The nationwide experiment will initially include around 100,000 volunteers.
A study suggests that gas chromatography-mass spectrometry modifies or destroys sample compounds, but some are skeptical.
October 22, 2015|
FLICKR, NOAAFor more than 50 years, researchers have used gas chromatography-mass spectrometry (GC-MS) to identify unknown compounds within biological samples. But according to new work from Gary Siuzdak of the Scripps Research Institute in La Jolla, California, and his colleagues, the method’s heating stage, used to volatilize and separate sample components, changes or destroys many of the compounds analyzed. Siuzdak’s team published its results this month (October 4) in Analytical Chemistry, questioning whether GC-MS is picking up the desired compounds of a sample or simply thermal degradation products.

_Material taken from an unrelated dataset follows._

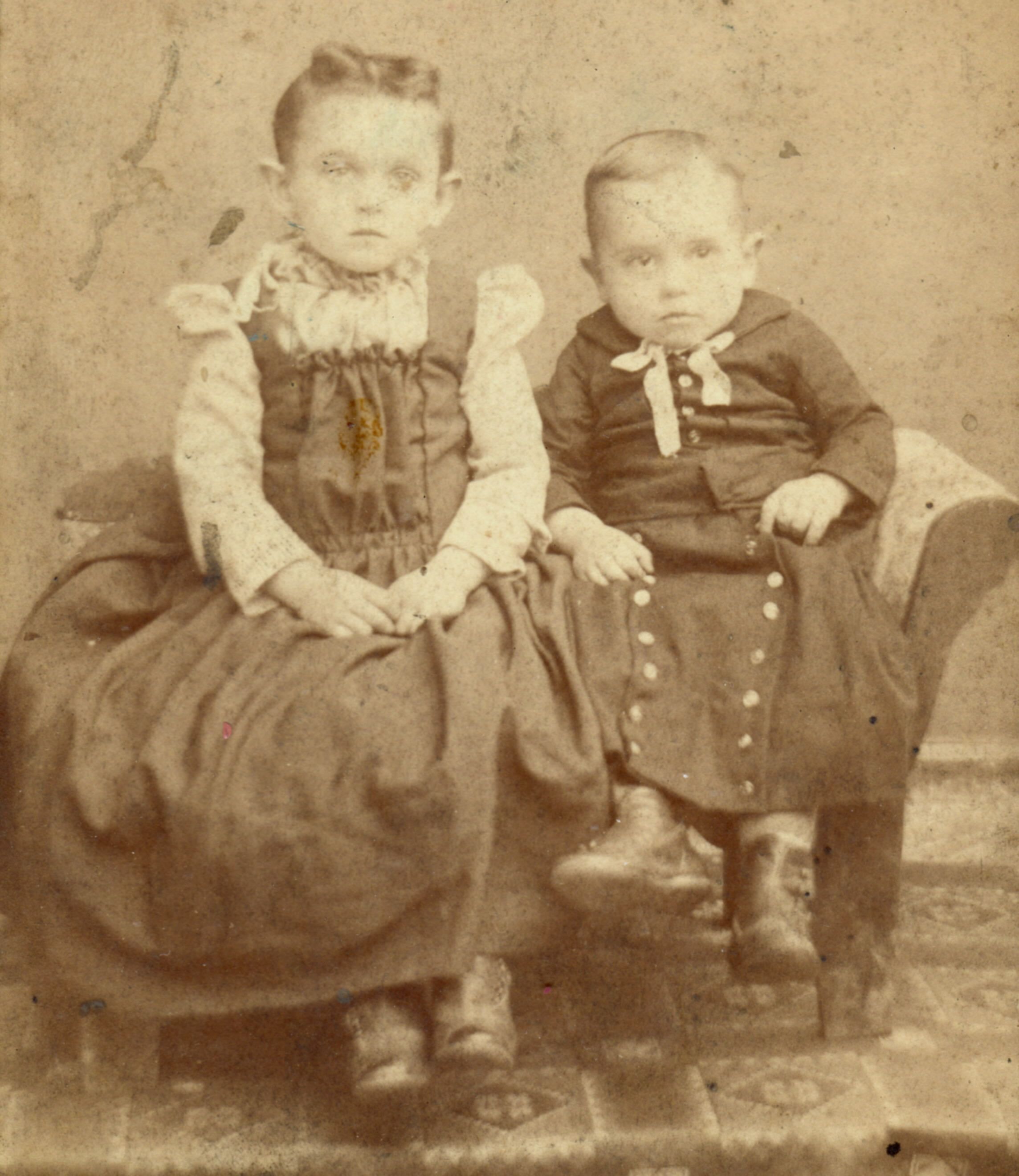 Source Citation: [Left-Right]: Mary "Mamie" (Throckmorton) Bonham and Robert Lawrence Throckmorton Sr. - children of William Harvey Throckmorton and Lucy Jane McGlumphy; circa 1890-1895; item no. TOOK_AN001_0007, Katherine Jane (Throckmorton) Toothman Collection; Greene Connections Archives Project (GreeneConnections.com).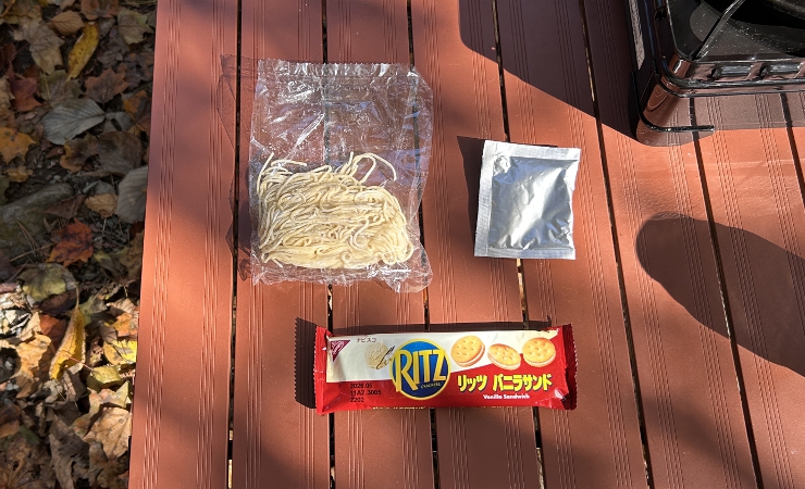 ランチはスーパーで見つけた「5食入り100円」という謎の値段の醤油ラーメンとリッツバニラサンド。

“We found that even relatively low temperatures used in GC-MS can have a detrimental effect on small-molecule analysis,” Siuzdak told Chemical & Engineering News (C&EN). Molecular transformation from sample heating “has been a fundamental yet unrecognized problem with GC-MS technology since its inception,” he added. “I remember asking someone about it many years ago during the question period after his talk, and he simply didn’t know how to respond. For me, it has always been the elephant in the room.”
Siuzdak and his colleagues tested the effects of heating by analyzing known small molecules and human plasma metabolites with liquid chromatography-MS (LC-MS), which does not involve a heating stage, and comparing those results to identical samples that had been heated to 60 °C, 100 °C, or 250 °C—temperatures commonly used in standard GC-MS procedures. They found that the higher the temperature, the greater the proportion of compounds that were destroyed or modified: 5 percent, 15 percent, and 30 percent for each of the three conditions, respectively.
This phenomenon could help explain why such analyses generally identify only 20 percent of cellular metabolites, Stephen Barnes, director of the Targeted Metabolomics & Proteomics Laboratory at the University of Alabama, told C&EN. But the problem likely isn’t limited to GC-MS, he added. “Those doing LC-MS analyses need to think hard about this too,” he said, as those methods sometimes use heated solvents.
But not everyone is concerned. Metabolomics expert Oliver Fiehn of the University of California, Davis, told C&EN that when analytical chemists “develop, validate, and implement an analytical method for GC-MS, they carefully control for important method parameters,” such as the temperature to which compounds are heated. Siuzdak’s group didn’t implement such controls, Fiehn added. In some experiments, the researchers “used underivatized metabolites and heated them intensely,” he said. “That is called cooking—like in a kitchen. . . . I am unclear why a scientific journal would publish work that is such clear nonsense.”
Another difference between traditional GC-MS and Siuzdak’s experiments is that “the published study heated dry samples, whereas GC heats samples in a liquid solution for a few seconds during injection and then in the gas phase,” Warwick Dunn of the University of Birmingham, U.K., told C&EN. “Heat transfer in a solid can be expected to be higher and could therefore provide a higher level of degradation than in the gas phase. . . . [F]urther validation of the degradation of many metabolites is required before we should worry about the terabytes of data already collected.”
October 23, 2015
"(LC-MS), which does involve a heating stage"
Could you please elaborate, or correct.
October 23, 2015
Back in the 1960s Eric Bailey showed me how to test GC-MS systems using cholesterol, which readily eliminates water if something isn't quite right.
I don't have access to Analytical Chemistry (paywall) but to judge from this re-invented wheel that doesn't seem to be much of a loss.